So does anyone know ANYTHING about this plant that can help me?


----------



## Zapins (Jul 28, 2004)

I think you can easily grow this plant in your current setup. You just need to give it enough light and nutrients. I personally have grown this plant emersed in a tub of soil, but growing it emersed in a bowl is not that different, you'll just need to provide nutrients and it will grow. This plant tends to like a lot of potassium and without it the plant quickly develops potassium deficiencies (holes in the leaves).

When you say some leaves are wilting it is difficult to figure out exactly what you mean without a close up photo, but it sounds like it is drying out. This is likely due to dry winter conditions. The plant should eventually adapt to drier conditions as it grows new and tougher leaves, but until then you'll probably have to sit back and wait it out, unless you can figure out a way of humidifying the room a little more?

Photos should help people figure out what other steps can be done.

Are there any other specific questions you have regarding the plant?


----------



## Lrobbins (Feb 6, 2014)

I am currently giving my plant liquid carbon, iron and trace elements and humic.
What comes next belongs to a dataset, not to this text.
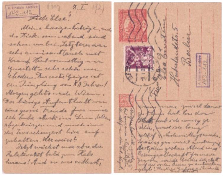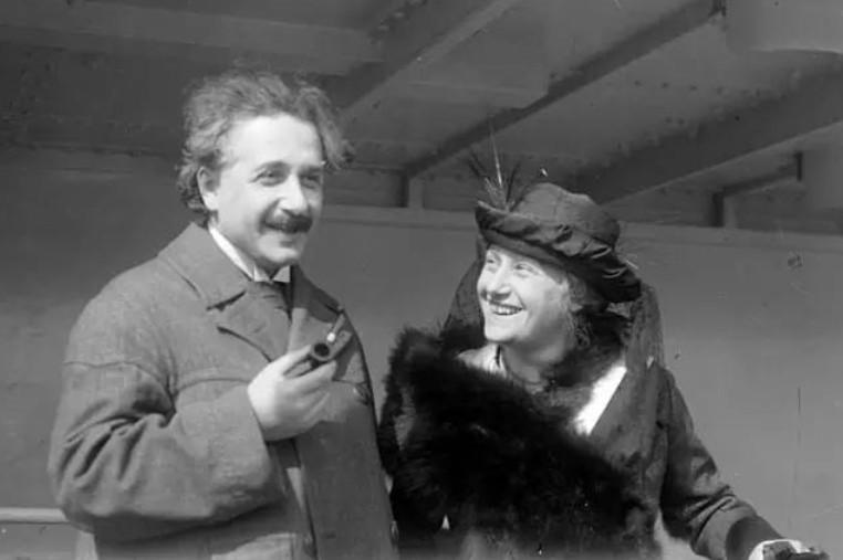 爱因斯坦与第二任妻子艾尔莎。 玛戈特1986年7月8日去世,所以希伯来大学于2006年7月10日(星期一)公开了这些信件。这些信件写于1912到1955年,有3500页之多,是爱因斯坦与艾尔莎母女的通信。在他的第二次婚姻期间,爱因斯坦只要出门在外,几乎每天都要给艾尔莎写信。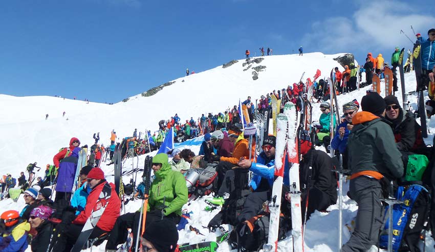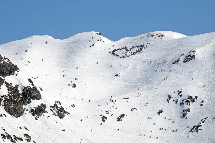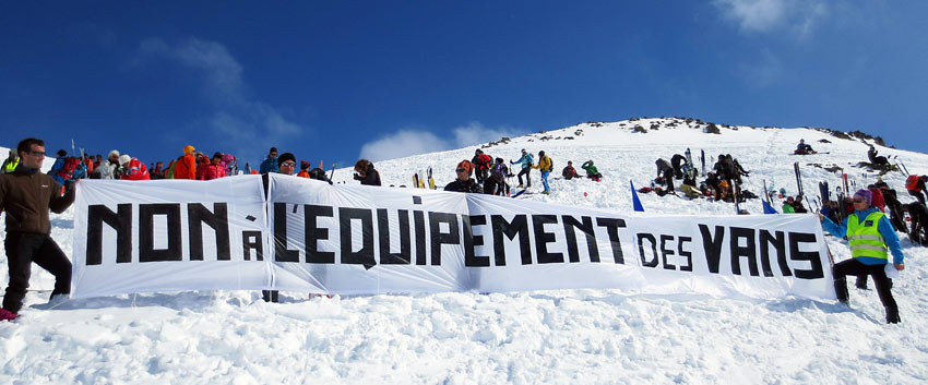 Environ 600 randonneurs, à skis ou raquettes, de 7 à 77 ans (à la louche) se sont retrouvés au sommet des Vans pour y former un cœur. Ambiance détendue mais propos et engagement déterminé pour ne pas se laisser confisquer cette montagne naturelle par des remontées mécaniques supplémentaires.

All of these are by Brightwell Aquatics. What would be a good potassium source to use? I have also been changing 25% of the water every 4 days or so and adding more nutrients. The leaves are still yellow from the lack of iron it had...how long should it take before the leave start to look healthy again? I suppose the leaves were more droopy than dry, but they have perked up since the first night I got it. Otherwise my plant seems to be stable...I just hope it doesn't crash on me.

Thanks


----------



## Zapins (Jul 28, 2004)

In general damaged plant leaves do not heal. The newest leaves should be green and healthy though. 

The liquid carbon doesn't really make a big difference since it is being grown in the air. It is really a better algaecide than a carbon source. It cannot be directly substituted for CO2, it is not exactly equivalent.


----------



## Zapins (Jul 28, 2004)

Did your plant make it with the extra iron addition?


----------